*Stored data*:
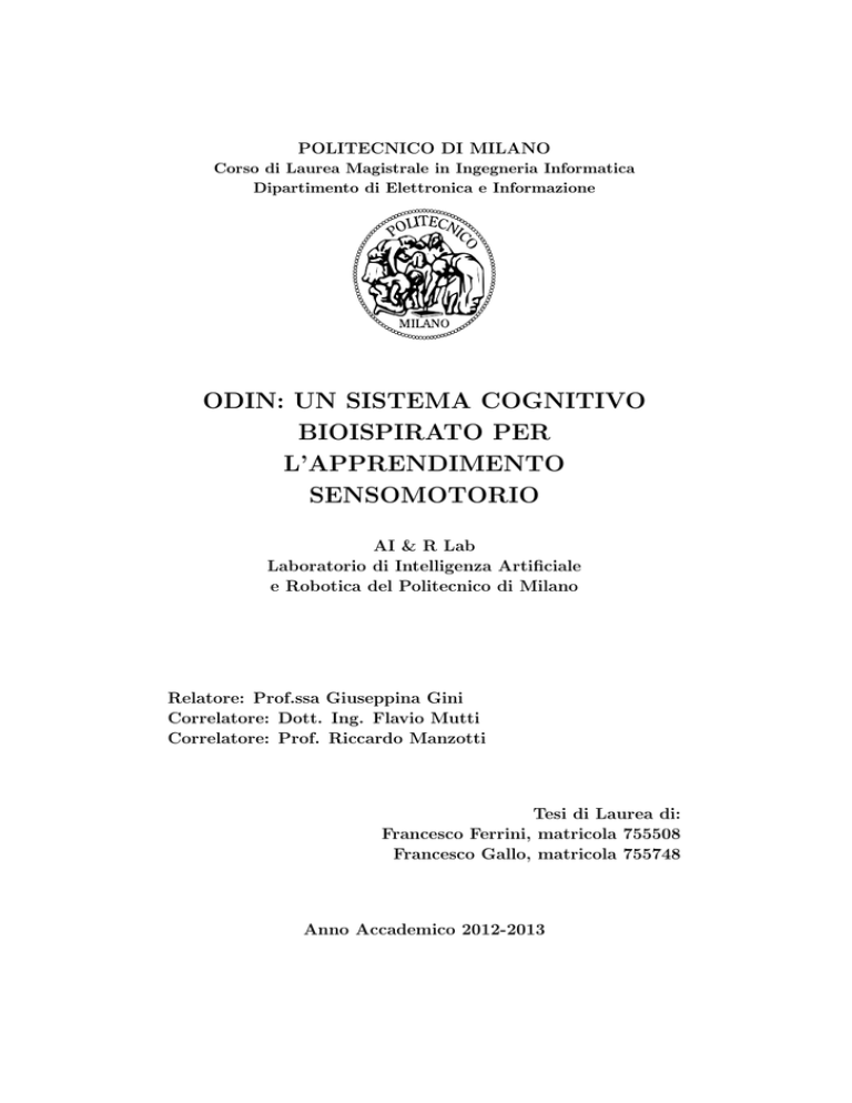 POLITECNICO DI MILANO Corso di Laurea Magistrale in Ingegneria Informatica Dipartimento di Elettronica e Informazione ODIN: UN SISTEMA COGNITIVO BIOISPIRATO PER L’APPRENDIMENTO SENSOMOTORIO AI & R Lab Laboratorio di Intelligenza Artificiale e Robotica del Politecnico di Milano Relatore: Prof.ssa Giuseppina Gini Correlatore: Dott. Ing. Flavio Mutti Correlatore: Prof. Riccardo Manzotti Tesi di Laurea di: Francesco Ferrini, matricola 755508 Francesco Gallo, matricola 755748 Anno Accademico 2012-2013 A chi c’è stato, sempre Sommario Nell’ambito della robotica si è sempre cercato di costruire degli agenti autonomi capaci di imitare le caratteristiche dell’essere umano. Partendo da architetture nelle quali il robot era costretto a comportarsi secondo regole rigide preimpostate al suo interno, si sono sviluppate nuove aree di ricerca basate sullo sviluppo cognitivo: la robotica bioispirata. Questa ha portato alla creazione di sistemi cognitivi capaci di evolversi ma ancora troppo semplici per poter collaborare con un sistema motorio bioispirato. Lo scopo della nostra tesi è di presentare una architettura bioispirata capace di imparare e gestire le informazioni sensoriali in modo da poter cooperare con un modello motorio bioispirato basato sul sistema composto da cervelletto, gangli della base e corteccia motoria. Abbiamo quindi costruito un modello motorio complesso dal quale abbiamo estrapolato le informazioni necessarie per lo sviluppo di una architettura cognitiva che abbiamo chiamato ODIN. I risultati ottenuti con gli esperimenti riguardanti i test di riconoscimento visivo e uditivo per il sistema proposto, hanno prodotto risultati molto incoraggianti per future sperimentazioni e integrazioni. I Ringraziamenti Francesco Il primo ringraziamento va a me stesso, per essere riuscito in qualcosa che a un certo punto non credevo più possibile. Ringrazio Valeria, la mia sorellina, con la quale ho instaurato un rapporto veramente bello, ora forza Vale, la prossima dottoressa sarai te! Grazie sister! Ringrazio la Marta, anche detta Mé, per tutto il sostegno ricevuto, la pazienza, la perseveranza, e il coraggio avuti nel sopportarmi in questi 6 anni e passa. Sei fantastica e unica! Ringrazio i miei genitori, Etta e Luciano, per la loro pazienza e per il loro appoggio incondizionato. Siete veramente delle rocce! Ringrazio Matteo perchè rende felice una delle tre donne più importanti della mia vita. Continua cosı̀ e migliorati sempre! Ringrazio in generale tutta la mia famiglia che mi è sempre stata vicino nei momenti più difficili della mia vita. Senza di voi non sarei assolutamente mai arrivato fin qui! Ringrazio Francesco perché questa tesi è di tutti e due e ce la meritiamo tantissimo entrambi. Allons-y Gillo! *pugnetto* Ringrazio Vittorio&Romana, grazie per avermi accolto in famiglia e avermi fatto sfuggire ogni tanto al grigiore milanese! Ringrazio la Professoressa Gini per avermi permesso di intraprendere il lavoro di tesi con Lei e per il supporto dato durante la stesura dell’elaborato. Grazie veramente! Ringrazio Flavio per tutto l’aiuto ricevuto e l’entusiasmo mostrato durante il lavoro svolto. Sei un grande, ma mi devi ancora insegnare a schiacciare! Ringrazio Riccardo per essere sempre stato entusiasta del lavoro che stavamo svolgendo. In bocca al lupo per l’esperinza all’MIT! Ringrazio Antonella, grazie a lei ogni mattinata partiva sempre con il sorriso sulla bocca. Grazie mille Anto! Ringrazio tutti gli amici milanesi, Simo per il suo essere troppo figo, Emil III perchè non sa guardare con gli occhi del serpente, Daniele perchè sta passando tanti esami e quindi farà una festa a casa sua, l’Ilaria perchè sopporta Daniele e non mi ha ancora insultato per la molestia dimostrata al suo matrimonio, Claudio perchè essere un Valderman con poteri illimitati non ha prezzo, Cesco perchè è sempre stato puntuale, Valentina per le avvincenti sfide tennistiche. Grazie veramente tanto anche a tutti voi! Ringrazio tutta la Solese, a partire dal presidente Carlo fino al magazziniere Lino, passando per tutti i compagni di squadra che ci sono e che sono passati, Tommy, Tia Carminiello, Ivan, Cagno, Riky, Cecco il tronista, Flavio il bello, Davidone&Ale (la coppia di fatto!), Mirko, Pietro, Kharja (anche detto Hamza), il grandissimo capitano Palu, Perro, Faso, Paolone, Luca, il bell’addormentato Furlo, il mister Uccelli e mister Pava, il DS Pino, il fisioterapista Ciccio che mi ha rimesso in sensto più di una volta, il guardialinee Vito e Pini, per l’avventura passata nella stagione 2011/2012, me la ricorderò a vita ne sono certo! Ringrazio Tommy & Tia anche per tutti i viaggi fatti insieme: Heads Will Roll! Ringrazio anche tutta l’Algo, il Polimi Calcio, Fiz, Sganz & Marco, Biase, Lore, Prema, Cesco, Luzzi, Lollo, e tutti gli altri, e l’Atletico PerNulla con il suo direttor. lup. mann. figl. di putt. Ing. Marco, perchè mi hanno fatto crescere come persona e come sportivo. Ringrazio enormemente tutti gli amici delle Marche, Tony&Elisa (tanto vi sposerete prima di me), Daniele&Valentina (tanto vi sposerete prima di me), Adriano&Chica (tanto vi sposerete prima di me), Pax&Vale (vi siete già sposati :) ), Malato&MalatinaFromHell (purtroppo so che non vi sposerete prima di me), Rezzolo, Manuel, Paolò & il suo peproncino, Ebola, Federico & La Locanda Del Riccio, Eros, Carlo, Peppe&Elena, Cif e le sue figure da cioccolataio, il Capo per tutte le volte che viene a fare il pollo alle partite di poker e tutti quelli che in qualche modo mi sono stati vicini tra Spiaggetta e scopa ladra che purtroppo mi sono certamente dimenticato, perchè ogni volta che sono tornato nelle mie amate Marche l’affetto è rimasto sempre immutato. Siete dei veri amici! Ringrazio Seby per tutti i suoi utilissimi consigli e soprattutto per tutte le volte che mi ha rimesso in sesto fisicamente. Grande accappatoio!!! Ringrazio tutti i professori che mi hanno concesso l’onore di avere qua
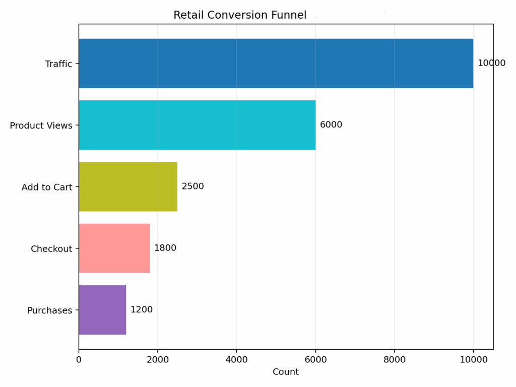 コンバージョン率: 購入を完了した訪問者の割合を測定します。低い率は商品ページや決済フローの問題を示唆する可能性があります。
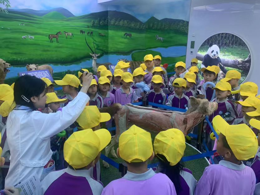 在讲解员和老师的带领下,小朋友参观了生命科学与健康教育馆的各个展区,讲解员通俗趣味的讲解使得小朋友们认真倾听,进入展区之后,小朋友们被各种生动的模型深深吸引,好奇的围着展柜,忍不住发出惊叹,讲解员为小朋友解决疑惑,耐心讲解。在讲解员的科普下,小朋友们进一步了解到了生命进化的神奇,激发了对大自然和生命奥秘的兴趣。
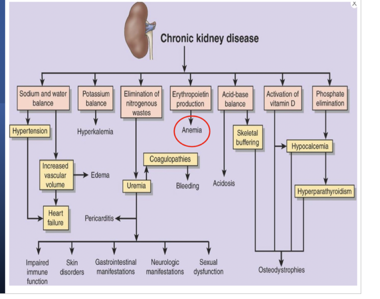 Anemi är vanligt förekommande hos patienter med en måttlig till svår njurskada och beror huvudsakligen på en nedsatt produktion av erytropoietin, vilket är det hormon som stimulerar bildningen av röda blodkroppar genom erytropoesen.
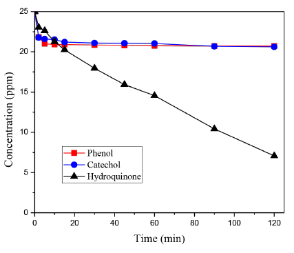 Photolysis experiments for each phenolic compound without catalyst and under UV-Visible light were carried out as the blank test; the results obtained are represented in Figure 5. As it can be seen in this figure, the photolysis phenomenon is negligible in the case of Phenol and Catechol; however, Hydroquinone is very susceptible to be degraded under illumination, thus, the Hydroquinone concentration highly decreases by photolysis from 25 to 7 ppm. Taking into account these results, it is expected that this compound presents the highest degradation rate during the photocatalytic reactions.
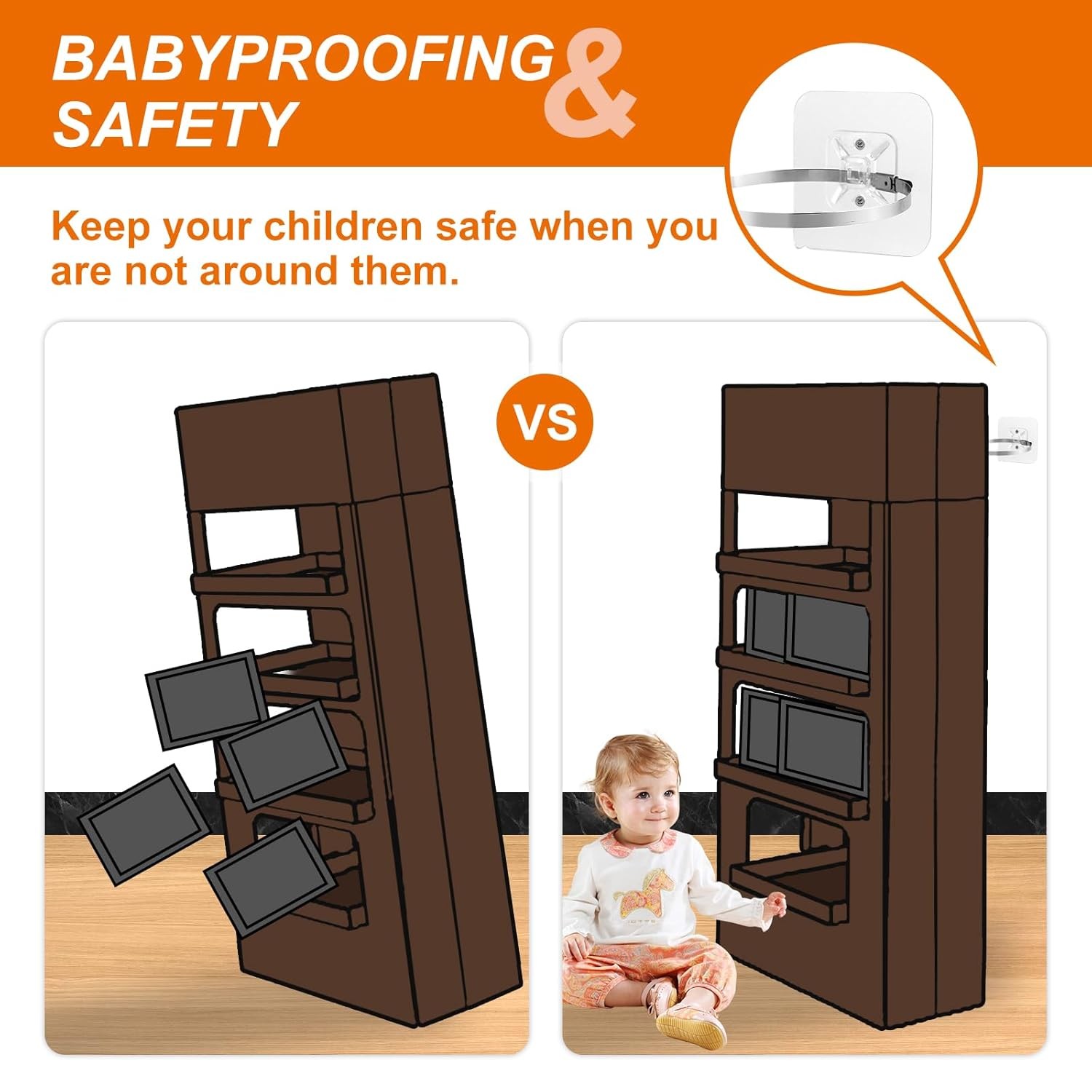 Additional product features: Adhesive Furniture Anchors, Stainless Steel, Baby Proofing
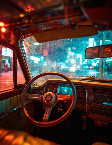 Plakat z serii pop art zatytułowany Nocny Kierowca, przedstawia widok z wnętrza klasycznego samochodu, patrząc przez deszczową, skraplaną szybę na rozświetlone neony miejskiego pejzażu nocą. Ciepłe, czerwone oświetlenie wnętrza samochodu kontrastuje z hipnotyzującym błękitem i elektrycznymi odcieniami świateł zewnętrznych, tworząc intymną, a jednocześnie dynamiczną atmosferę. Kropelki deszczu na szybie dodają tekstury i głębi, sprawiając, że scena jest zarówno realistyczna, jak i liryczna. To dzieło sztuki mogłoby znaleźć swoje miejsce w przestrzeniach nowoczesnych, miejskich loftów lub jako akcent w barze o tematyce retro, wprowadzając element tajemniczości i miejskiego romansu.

*Exercise prompt*: Give back exactly the lines of the listing above from the one that contains "在讲解员和老师的带领下,小朋" up to and including the one that contains "Anemi är vanligt", but not the pictures, and no other lines.

*Written response*:
 在讲解员和老师的带领下,小朋友参观了生命科学与健康教育馆的各个展区,讲解员通俗趣味的讲解使得小朋友们认真倾听,进入展区之后,小朋友们被各种生动的模型深深吸引,好奇的围着展柜,忍不住发出惊叹,讲解员为小朋友解决疑惑,耐心讲解。在讲解员的科普下,小朋友们进一步了解到了生命进化的神奇,激发了对大自然和生命奥秘的兴趣。
 Anemi är vanligt förekommande hos patienter med en måttlig till svår njurskada och beror huvudsakligen på en nedsatt produktion av erytropoietin, vilket är det hormon som stimulerar bildningen av röda blodkroppar genom erytropoesen.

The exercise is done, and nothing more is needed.